History

United States
- Name: USS Hunter Marshall
- Namesake: Ensign Hunter Marshall III (1917-1942), a U.S. Navy officer and Silver Star recipient
- Builder: Bethlehem-Hingham Shipyard, Inc., Hingham, Massachusetts
- Launched: 5 May 1945
- Sponsored by: Mrs. Hunter Marshall
- Commissioned: 17 July 1945
- Decommissioned: 30 May 1946
- Reclassified: From destroyer escort (DE-602) to high-speed transport (APD-112) while under construction
- Stricken: 1 June 1960
- Fate: Sold to Ecuador July 1961 for use as floating power plant
- Notes: Laid down as Rudderow-class destroyer escort USS Hunter Marshall (DE-602)

General characteristics
- Class & type: Crosley-class high speed transport
- Displacement: 2,130 long tons (2,164 t) full
- Length: 306 ft (93 m)
- Beam: 37 ft (11 m)
- Draft: 12 ft 7 in (3.84 m)
- Speed: 23 knots (43 km/h; 26 mph)
- Troops: 162
- Complement: 204
- Armament: 1 × 5 in (130 mm) gun; 6 × 40 mm guns; 6 × 20 mm guns; 2 × depth charge tracks;

= USS Hunter Marshall =

USS Hunter Marshall (APD-112), ex-DE-602, was a United States Navy high-speed transport in commission from 1945 to 1946.

==Namesake==
Hunter Marshall III was born on 6 October 1917 in Charlotte, North Carolina.
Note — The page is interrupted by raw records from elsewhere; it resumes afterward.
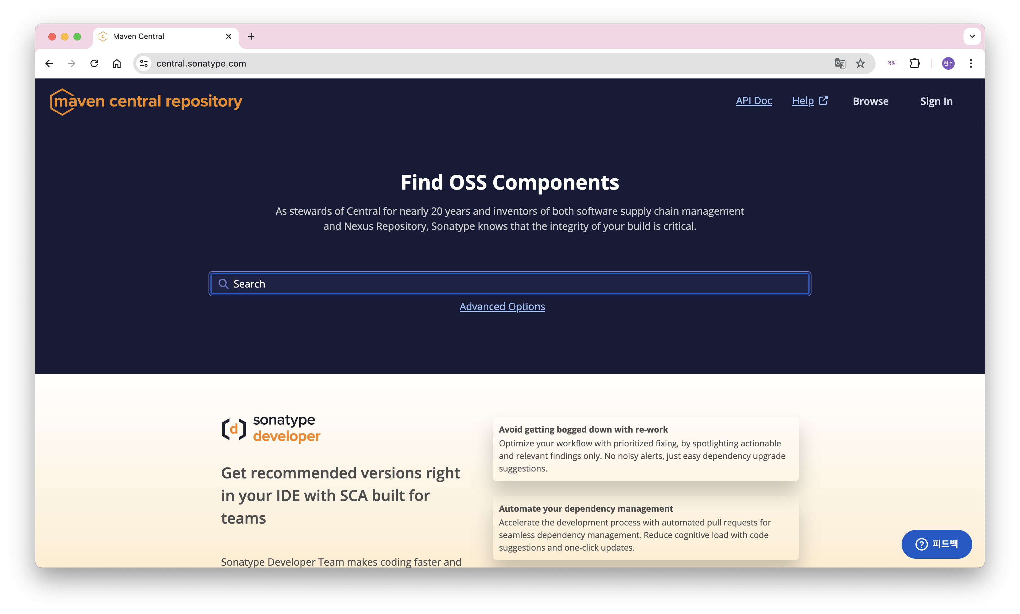 Maven Central Repository는 Java 개발자들이 가장 많이 사용하는 공개 아티팩트 저장소입니다. 이 저장소는 수많은 오픈 소스 Java 라이브러리, 프레임워크, 그리고 도구들을 호스팅 하고 있습니다. Sonatype이 운영하며, Apache Maven 프로젝트의 공식 저장소로 인정받고 있습니다.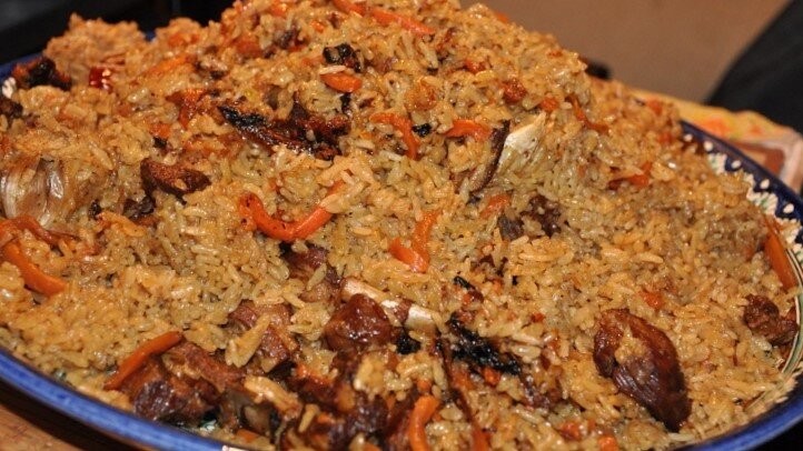 Риштанский плов многие называют самым знаменитым узбекским пловом. На самом деле Риштанский плов известен не более, чем Самаркандский, Хорезмский, Ташкентский или Бухарский. Риштан – это город в Ферганской области, где делают лучшую посуду для плова. И это уже не просто заявление, а подтвержденный факт. Теперь приступим к плову. Нам понадобится: Рис Девзира 1кг Курдюк 350г Лук 125г Баранина ребрышки 1000г Соль 30г Морковь 800г Зира 1 чайная ложка Барбарис 1 столовая ложка. Перец острый 1 стручок Чеснок 1-2 головки Рис тщательно промывается, заливается водой 70С. Курдючный жир топится в сотейнике на медленном огне или при начальной температуре 120С с последующим повышением до 180С (средний огонь). Шкварки откидываются. В сотейнике остается примерно 300г жира. В центр сотейника добавляется лук, а по краям мясо, нарезанное по одному ребру и соль. Когда мясо будет полностью колеровано, за 2-3 подхода добавляется морковь, нарезанная бруском 7-8мм. В сотейник добавляются специи и неочищенны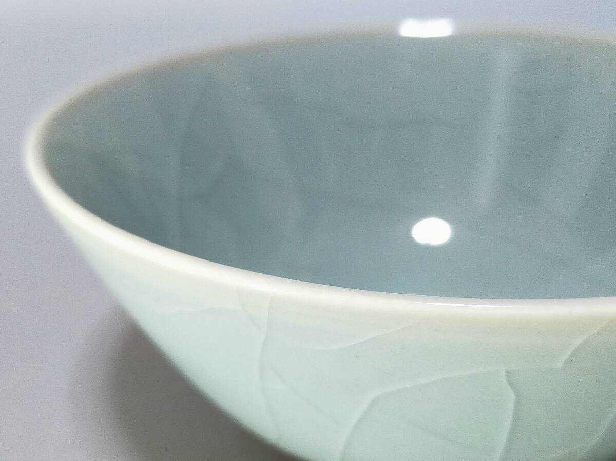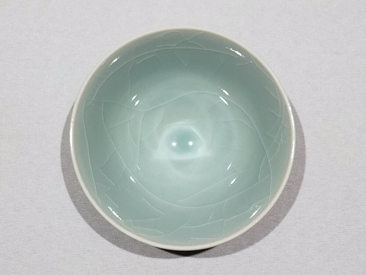 砥部焼 茶碗 伝統工芸士 酒井芳人 作 青磁 栞・共布・共箱 茶道具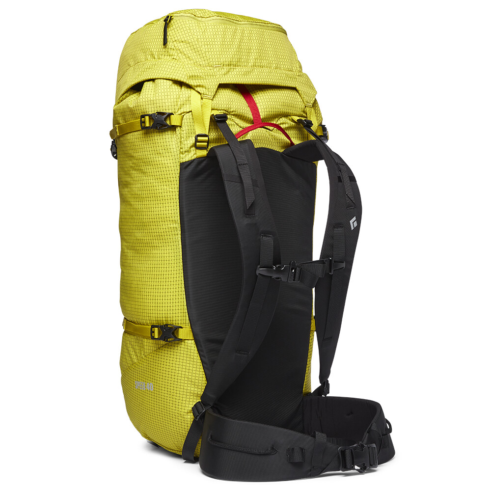 Un compartiment principal accueille tous vos vêtements, qu'il s'agisse de pantalons d' escalade ou de bonnets, ainsi que les échos ou la nourriture séchée. Les documents personnels, le portefeuille ou la lampe frontale se rangent dans la poche extérieure du couvercle supérieur. De nombreux équipements, qu'il s'agisse de cordes, de différentes sangles et de mousquetons, de piolets ou de crampons, peuvent être fixés à l'aide de poignées et de boucles pratiques sous le couvercle, sur le devant du sac ou sur la ceinture de hanches. Ajustez la taille du sac avec les sangles de compression latérales pour créer un partenaire unique et compact qui vous soutiendra dans toutes vos activités.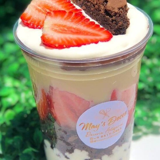 Creme especial de Ninho, pedaços de brownie, morangos frescos, brigadeiro cremoso de Ninho e brigadeiro cremoso 50%.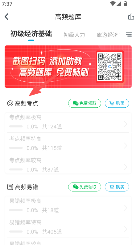 3、聚焦题库练习板块,将题库细分为高频考点、高频易错等类别,帮助考生明确备考重点,提升复习针对性。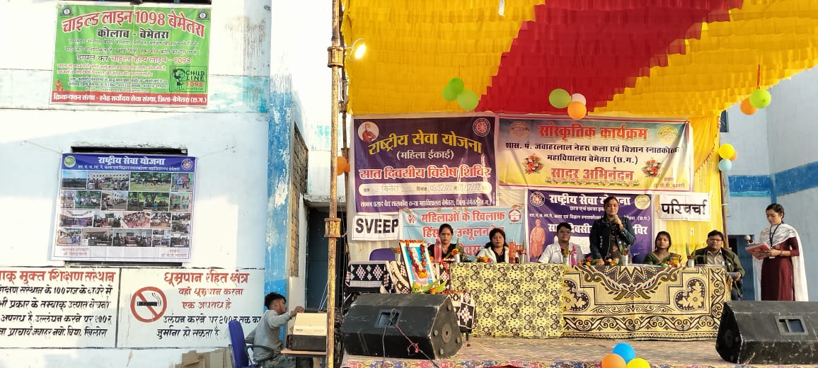 बेमेतरा,08 दिसम्बर I सखी वन स्टॉप सेंटर बेमेतरा द्वारा महिला हिंसा को समाप्त करने के उद्देश्य से कल राष्ट्रीय सेवा योजना की सात दिवसीय शिविर का आयोजन खिलोरा में किया गया। जिसमें पी.जी कॉलेज बेमेतरा एवं कन्या महाविद्यालय बेमेतरा के छात्राएं शामिल हुए। जिसमें बौद्धिक परिचर्चा कार्यक्रम में मुख्य अतिथि के रूप में कॉलेज के सहायक प्राध्यापक गण सरस्वती चौहान, जितेन्द्र बारले एवं पुन्नी केवटिया उपस्थित थे। सखी वन स्टॉप सेंटर की केंद्र प्रशासक राखी यादव ने बालक-बालिकाओं को सम्बोधित करते हुए कहा कि सखी वन स्टॉप सेंटर योजना को भारत सरकार ने 1 अप्रैल 2015 को लागू की थी।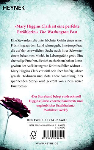 Eine Stewardess, die unter höchster Gefahr einen armen Flüchtling aus dem Land schmuggelt. Eine junge Frau, die auf der verzweifelten Suche nach ihrer Schwester, einem bekannten Model, in Lebensgefahr gerät. Eine frühere Putzfrau, die sich nach einem hohen Lottogewinn der Aufklärung von Kriminalfällen widmet - Mary Higgins Clark entwirft seit über fünfzig Jahren geniale Heldinnen und Plots. Diese Sammlung von spannenden Storys wird gekrönt von einem neuen Kurzroman.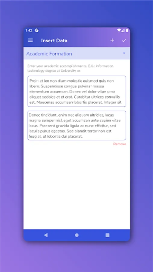 The Curriculum Manager is an application that facilitates the creation of your resume, effectively and intuitively you enter your information and it generates your resume. It prepares in a quick and practical way, a resume that can be generated in PDF and send by e-mail by the app. All these features gathered into a useful and productive application.
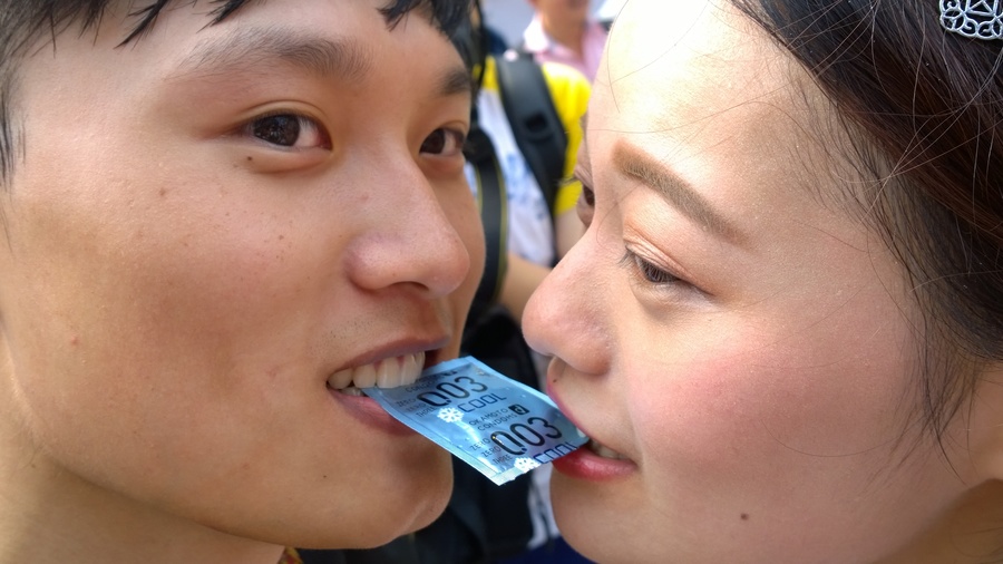 紅絲帶基金會號召十餘名大學生,在現場與民眾玩遊戲及有獎徵答活動,凡餐與者及答對問題者,皆可以得到一個保險套。陳姓大學生表示,主辦單位舉辦這個活動很有意義,他也會努力地實踐安全性行為。

He enlisted in the United States Naval Reserve on 12 July 1941. Called to active duty in September 1941, Marshall was appointed midshipman and attended Midshipman's School at New York City. He later attended Naval Armed Guard School and in April 1942 reported to United States Army Transport USAT Merrimack and took command of her Naval Armed Guard detachment.
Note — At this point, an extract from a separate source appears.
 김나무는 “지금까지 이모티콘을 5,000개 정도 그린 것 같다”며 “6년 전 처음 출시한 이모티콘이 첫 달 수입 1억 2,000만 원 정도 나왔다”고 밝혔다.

Carrying military supplies to the Panama Canal Zone, Merrimack was torpedoed by the in the Caribbean south of the Yucatán Channel on 9 June 1942. Despite the danger of further attacks, Ensign Marshall led his Armed Guard gun crews in resistance to the submarine until the forward part of the sinking Merrimack was actually awash. Marshall was one of the last to leave the ship and was lost. He was listed as presumed dead on 10 June 1943. He was posthumously awarded the Silver Star.

==Construction and commissioning==
Hunter Marshall was laid down as the Rudderow-class destroyer escort USS Hunter Marshall (DE-602) by Bethlehem-Hingham Shipyard, Inc., at Hingham, Massachusetts. She was reclassified as a Crosley-class high-speed transport and redesignated APD-112 during construction, and was launched on 5 May 1945, sponsored by Mrs. Hunter Marshall, mother of the ship's namesake, Ensign Hunter Marshall III. Hunter Marshall was commissioned on 17 July 1945.

== Service history ==
Hunter Marshall got underway from Boston, Massachusetts, on 3 August 1945 to conduct shakedown training in Caribbean waters. Before she could complete this training, the surrender of Japan on 15 August 1945 ended World War II.

Hunter Marshall arrived at Norfolk, Virginia, on 5 September 1945 and remained there until 10 October 1945, when she joined other fleet units at Boston for a triumphant Navy Day Presidential Review.

After calling at Norfolk, Hunter Marshall arrived at Green Cove Springs, Florida, on 25 November 1945 for inactivation.

==Decommissioning and disposal==
Hunter Marshall was decommissioned at Green Cove Springs on 30 May 1946 and berthed there with the Florida Group of the Atlantic Reserve Fleet. She was stricken from the Navy List on 1 June 1960 and sold to the government of Ecuador in July 1961 for use as a floating power plant.